Юрика и Светика в детстве плохо запомнила, уже тогда они должны были поразить своей необыкновенной красотой. Помню, как они показывали нам свои игрушки, коллекции бабочек. Бабочки висели в их комнате в квартире на Мойке, 83. Потом, после революции, бабочки переехали к нам в квартиру, и позже отец пожертвовал их в школу, в которой мы учились. Ещё у них был электрический прибор - динамо-машина. Нужно было подержаться за металлические шарики, надев калоши, зарядиться, а потом бежать, встречать знакомых, и между нами проходили искры.

Особенно запомнилась немецкая железная дорога, которая раскладывалась в детской и даже растягивалась в соседнюю комнату, кажется, в столовую. Включался ток, и паровозы везли большие составы, открывались семафоры, переводились стрелки... Модели паровозов и вагонов были, как мне тогда казалось, очень крупными, с пассажирами и со всеми подробностями в купе, проходах и даже уборных.

В начале 1920-х годов во время перевозки к нам железная дорога была уложена в огромную плетёную корзину-ящик. В другие аналогичные корзины были упакованы посуда и ещё кое-какие вещи из квартиры Рерихов. Помню, как мы, девочки Митусовы, желая скорее добраться до заветной железной дороги, в отсутствие родителей переворачивали одну корзину за другой и таким образом перебили немало, по-видимому, редчайшего фарфора, собранного Рерихами. Из него до наших дней у нас с сестрой сохранилось лишь около 20 предметов.

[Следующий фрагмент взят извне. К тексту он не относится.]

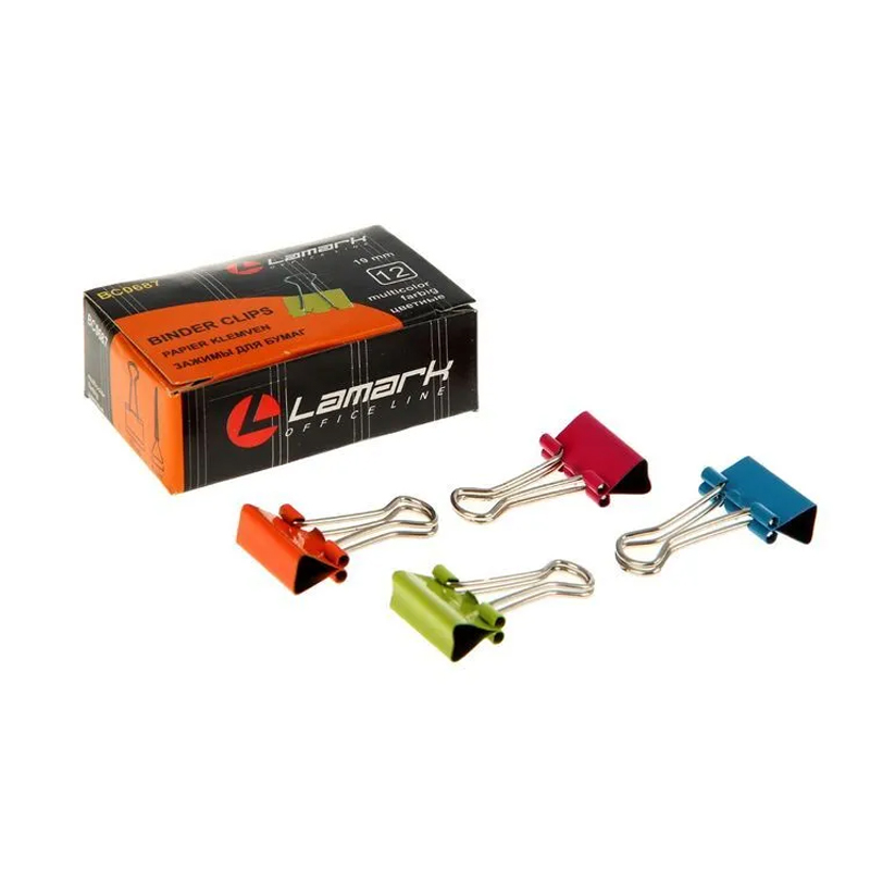Зажим для бумаг 1,9см*12шт Lamark ВС0687 цветные

Когда мы встретились с Юриком в Москве через сорок лет, он говорил, что меньше всего помнил Таню, нашу младшую сестру, которую обычно видел у кого-нибудь на руках. Меня со Златой запомнил хорошо.

* Здесь и далее - Юрик и Светик это Юрий и Святослав, дети Н.К. Рериха и Е.И. Рерих; кузены сестёр Митусовых. (Ред.).

 

* * *

Отец много рассказывал о «вечерах» у Николая Константиновича и Елены Ивановны. Я знаю об отрицательном отношении Рерихов к спиритизму, к медиумам и т. п. Об этом папа говорил по приезде из Москвы в 1926 году после встречи с ними. Но в начале века, вероятно, и раньше, у Рерихов бывали вечера, посвящённые целиком именно спиритическим сеансам. Отец даже называл имена приглашаемых - известных на Западе спиритов. Почему-то помнится, что из Германии, но, может быть, ошибаюсь. Рассказывал о цепи, составляемой из рук приглашённых на сеанс. Цепь должна была быть обязательно замкнутой. Разрыв такой цепи однажды привёл к неприятным последствиям для «медиума». Он был чрезвычайно раздражён. Изо рта потекла пена.

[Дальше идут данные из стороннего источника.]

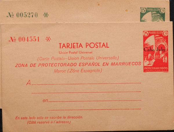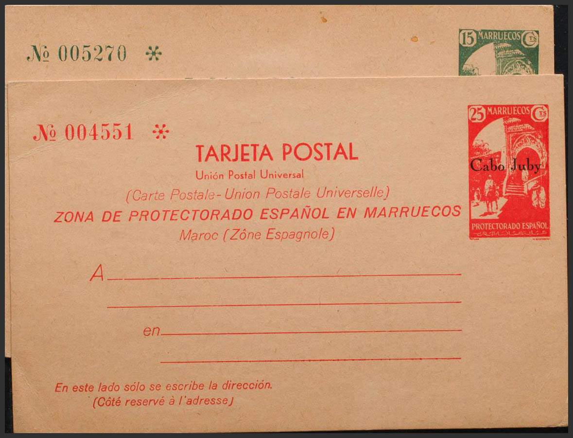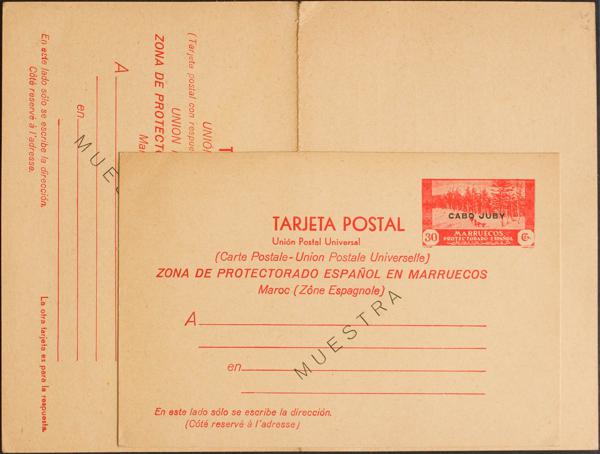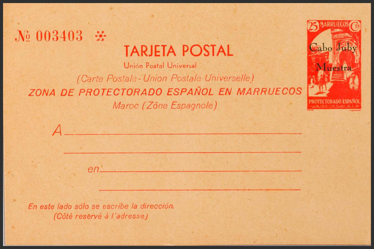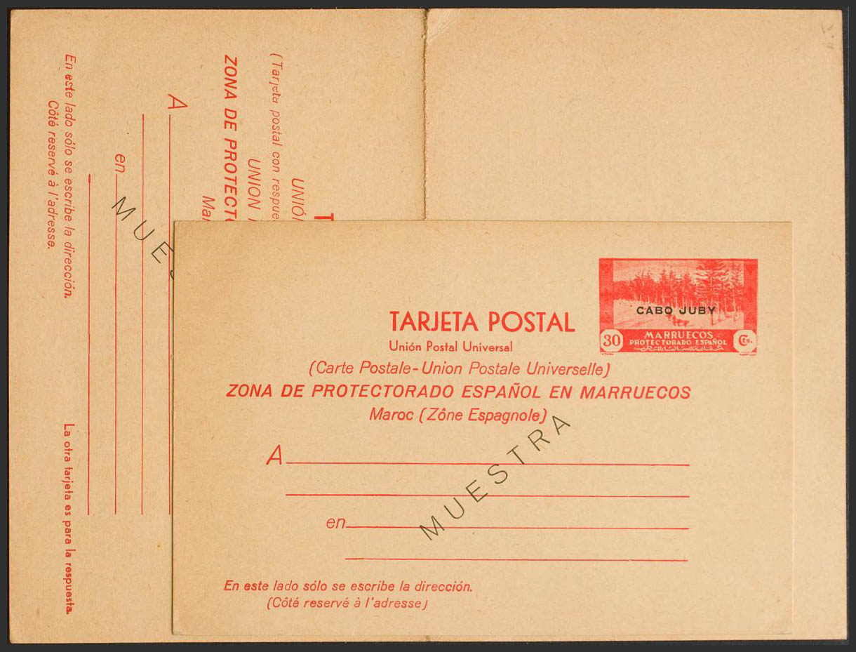 Cabo Juby. Entero Postal. E.P. 4M. Ida y Vuelta y MUESTRA.
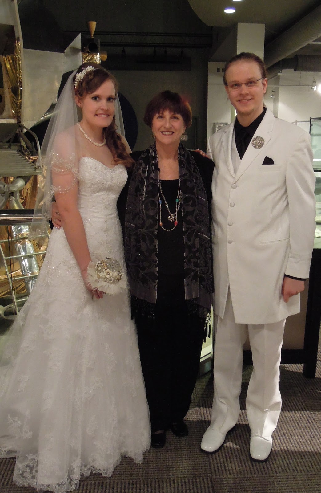 I invited the guests to partake of cocktails while the wedding party departed to the lunar landing exhibit. I got Dave to take a closer photo of the bride's beautiful brooch bouquet. She told me she got it on eBay!

Впоследствии, после войны, руководствуясь указаниями отца, мы производили весьма примитивно, «по-дилетантски» эти опыты. Поражались результатам...

* * *

Запомнился почему-то рассказ о Михаиле Александровиче Врубеле. В монографиях и биографиях я как-то не читала о тяжёлом его заболевании. Потому, думаю, что, может быть, я чего-то не поняла и не правильно описываю.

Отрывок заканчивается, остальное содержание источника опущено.